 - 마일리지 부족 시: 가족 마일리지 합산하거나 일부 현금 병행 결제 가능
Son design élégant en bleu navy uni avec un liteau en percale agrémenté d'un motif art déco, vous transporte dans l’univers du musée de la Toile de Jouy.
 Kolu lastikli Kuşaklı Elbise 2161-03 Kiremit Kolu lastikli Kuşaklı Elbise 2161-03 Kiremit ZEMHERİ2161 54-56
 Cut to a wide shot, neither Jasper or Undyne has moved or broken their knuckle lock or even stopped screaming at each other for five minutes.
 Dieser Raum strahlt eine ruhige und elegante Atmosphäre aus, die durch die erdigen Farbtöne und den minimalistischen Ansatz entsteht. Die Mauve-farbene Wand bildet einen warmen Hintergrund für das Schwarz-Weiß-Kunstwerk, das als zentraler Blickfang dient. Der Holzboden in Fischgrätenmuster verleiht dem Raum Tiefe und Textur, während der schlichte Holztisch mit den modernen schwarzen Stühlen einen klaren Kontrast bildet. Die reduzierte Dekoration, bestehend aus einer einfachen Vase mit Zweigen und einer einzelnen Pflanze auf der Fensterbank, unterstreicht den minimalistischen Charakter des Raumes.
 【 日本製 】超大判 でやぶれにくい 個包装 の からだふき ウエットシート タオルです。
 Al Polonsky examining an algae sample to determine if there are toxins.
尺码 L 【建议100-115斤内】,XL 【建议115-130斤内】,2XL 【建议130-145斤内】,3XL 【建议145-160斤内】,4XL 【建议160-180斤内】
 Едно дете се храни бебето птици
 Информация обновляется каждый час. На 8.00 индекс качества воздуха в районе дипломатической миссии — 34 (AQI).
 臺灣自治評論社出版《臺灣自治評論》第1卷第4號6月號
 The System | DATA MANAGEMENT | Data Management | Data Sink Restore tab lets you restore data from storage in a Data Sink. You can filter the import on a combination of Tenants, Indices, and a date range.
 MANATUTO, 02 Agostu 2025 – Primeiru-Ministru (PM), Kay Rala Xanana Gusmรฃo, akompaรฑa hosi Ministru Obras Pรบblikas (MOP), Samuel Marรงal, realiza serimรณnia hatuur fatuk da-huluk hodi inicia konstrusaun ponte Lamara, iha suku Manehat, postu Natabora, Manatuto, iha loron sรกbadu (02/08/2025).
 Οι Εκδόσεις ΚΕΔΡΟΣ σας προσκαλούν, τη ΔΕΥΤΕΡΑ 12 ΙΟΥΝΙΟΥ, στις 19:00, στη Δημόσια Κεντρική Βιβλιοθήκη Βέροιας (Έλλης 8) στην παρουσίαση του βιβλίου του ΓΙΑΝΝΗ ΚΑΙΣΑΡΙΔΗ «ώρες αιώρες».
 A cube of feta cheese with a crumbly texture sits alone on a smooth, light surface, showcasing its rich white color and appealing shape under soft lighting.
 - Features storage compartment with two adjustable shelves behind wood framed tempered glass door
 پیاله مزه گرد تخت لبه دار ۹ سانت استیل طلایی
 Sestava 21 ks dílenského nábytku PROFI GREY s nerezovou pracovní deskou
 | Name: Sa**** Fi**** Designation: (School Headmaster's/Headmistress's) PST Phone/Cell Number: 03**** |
☆ ☆ ☆ ☆ ☆
Task goal —
Your task is to copy each line of the listing that holds the word "with".

Solved problem —
 A cube of feta cheese with a crumbly texture sits alone on a smooth, light surface, showcasing its rich white color and appealing shape under soft lighting.
 - Features storage compartment with two adjustable shelves behind wood framed tempered glass door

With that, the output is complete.